Thanks for all your replies! I didn't see any blood no, but it looked pretty aggressive and the puppy let out a blood curdling scream, which is why I thought Montana had injured it. I took her out of time-out as soon as I saw he was okay though, but silly thing didn't learn and tried to continue to bug her, so I put her up on a comfy chair by us where the puppy couldn't reach her. Thanks for the reassurance, I thought she was just being a weenie because she has never shown any DA, even towards younger more playful dogs.



SpooOwner said:


> Not sure if this applies in your case, but dogs are hardwired to stay away from young puppies. Dams are very protective of their puppies, so dogs are wired to ignore puppies and thus avoid the dam's wrath. Sounds like puppy wasn't playing by the rules.


This would make sense as well. She grew up as a stray, along with many other strays I assume as I know there are many in Mexico, so she's very in-tune to dog language I've found. She just gets it. She's gentle with smaller dogs, and respectful of fearful or dogs who don't want to play.

Thanks again everyone! I understand it a bit better now. I'm oblivious when it comes to dealing with puppies, I've never had one myself.


----------



## magicre

puppies are an adorable pain in the arse, somewhat like a two year who needs a nap.


----------



## Scarlett_O'

magicre said:


> puppies are an adorable pain in the arse, somewhat like a two year who needs a nap.

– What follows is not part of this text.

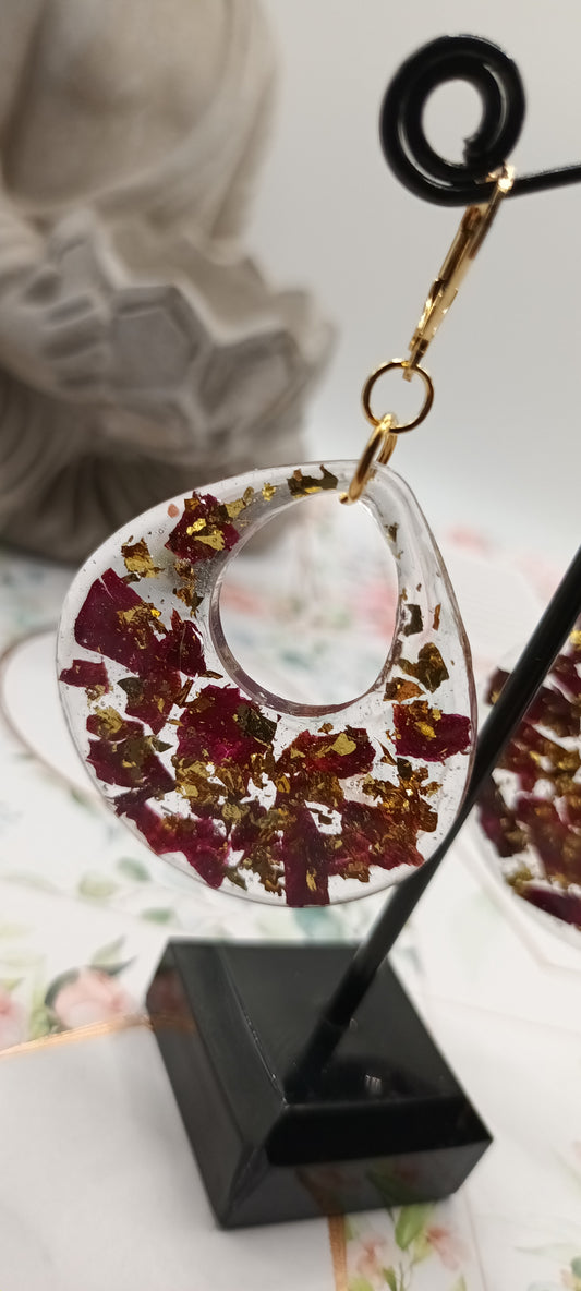 Boucles d'oreilles pendantes en résine fleurs ,inclusion de paillettes rouge
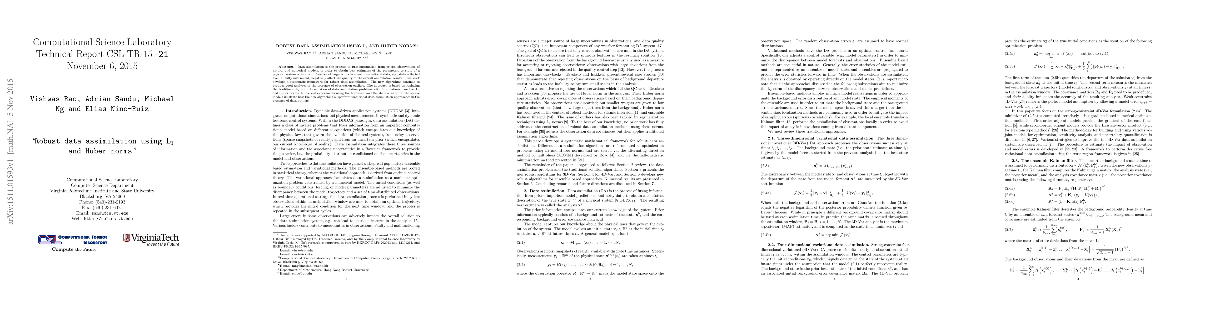 This paper proposes robust data assimilation algorithms based on $L_1$ and Huber norms to handle outliers in observational data, outperforming traditional $L_2$ norm methods as demonstrated through numerical experiments with Lorenz-96 and shallow water models.

Agreed!! Even our 18 month old looks at Rhett like he wishes he wasnt around some times!HAHAH


----------



## Montana

magicre said:


> puppies are an adorable pain in the arse, somewhat like a two year who needs a nap.


:lol:! Which is why I don't think I'll ever get a puppy!


----------



## 3Musketeers

Sounds like she was just correcting the pup, make sure she isn't actually biting the pup hard, it might sound pretty bad, but if she really wanted to hurt the pup, then trust me, she probably would have.
My Patchie is a grumpy-pants with most puppies, especially the big ones, and she will snarl and snap (but not actually bite), and it does sound pretty nasty, but she's basically telling them "knock it off, that's enough", she's generally fine with calmer dogs who don't jump all over her, so if that's the case with your dog too, then it's definitely not DA. Just not so willing to tolerate annoying/pushy pups.


----------



## FL Cracker

You should have seen our pup CoCo after 2 weeks of getting used to her new home...and our 10 Y/O Corgi - Bart. She looked like a junk yard dog. She would jump on Bart while he was in a stone cold snooze...he would turn around and promptly snap her...and she would run away screaming. We would get a look at the "damage" and find nothing most of the time...it was just a "hey...knock it off...I'm trying to sleep here". Once and a while (after CoCo got a bit older) she would come back for more...then Bart would turn up the heat. Never drew blood, but there was a few spot's where she had hair missing. Now CoCo "get's it"...when Bart has had enough...she stops and finds something else to do.


----------